RECORD SET =
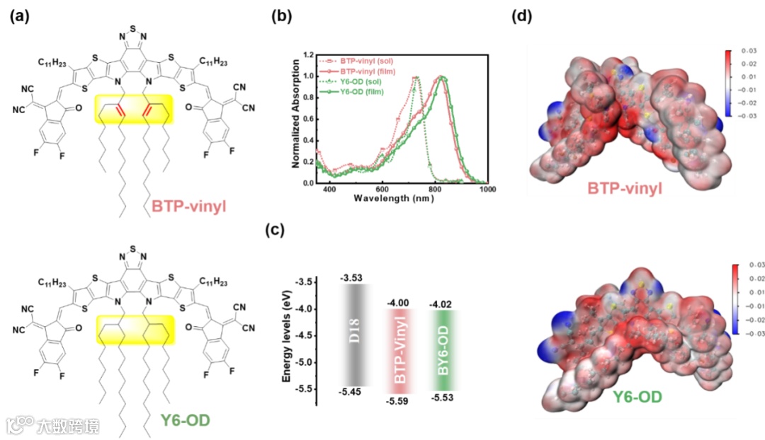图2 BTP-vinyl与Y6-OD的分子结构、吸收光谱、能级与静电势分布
--
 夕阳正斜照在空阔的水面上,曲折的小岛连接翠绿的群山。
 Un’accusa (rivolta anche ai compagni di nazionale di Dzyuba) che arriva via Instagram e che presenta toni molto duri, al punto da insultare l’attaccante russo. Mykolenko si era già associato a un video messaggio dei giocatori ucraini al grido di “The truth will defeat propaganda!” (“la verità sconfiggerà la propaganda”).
--
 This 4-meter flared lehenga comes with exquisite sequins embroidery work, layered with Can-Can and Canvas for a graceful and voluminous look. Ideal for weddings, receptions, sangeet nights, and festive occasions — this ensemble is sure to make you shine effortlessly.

DIRECTIONS FOR THIS TASK =
Repeat exactly the lines above from the one with "夕阳正斜照在空阔的水面上,曲折的小岛连接翠绿的群山。" up to and including the one with "Un’accusa (rivolta anche". No other line belongs in the reply.

COMPLETED EXERCISE =
 夕阳正斜照在空阔的水面上,曲折的小岛连接翠绿的群山。
 Un’accusa (rivolta anche ai compagni di nazionale di Dzyuba) che arriva via Instagram e che presenta toni molto duri, al punto da insultare l’attaccante russo. Mykolenko si era già associato a un video messaggio dei giocatori ucraini al grido di “The truth will defeat propaganda!” (“la verità sconfiggerà la propaganda”).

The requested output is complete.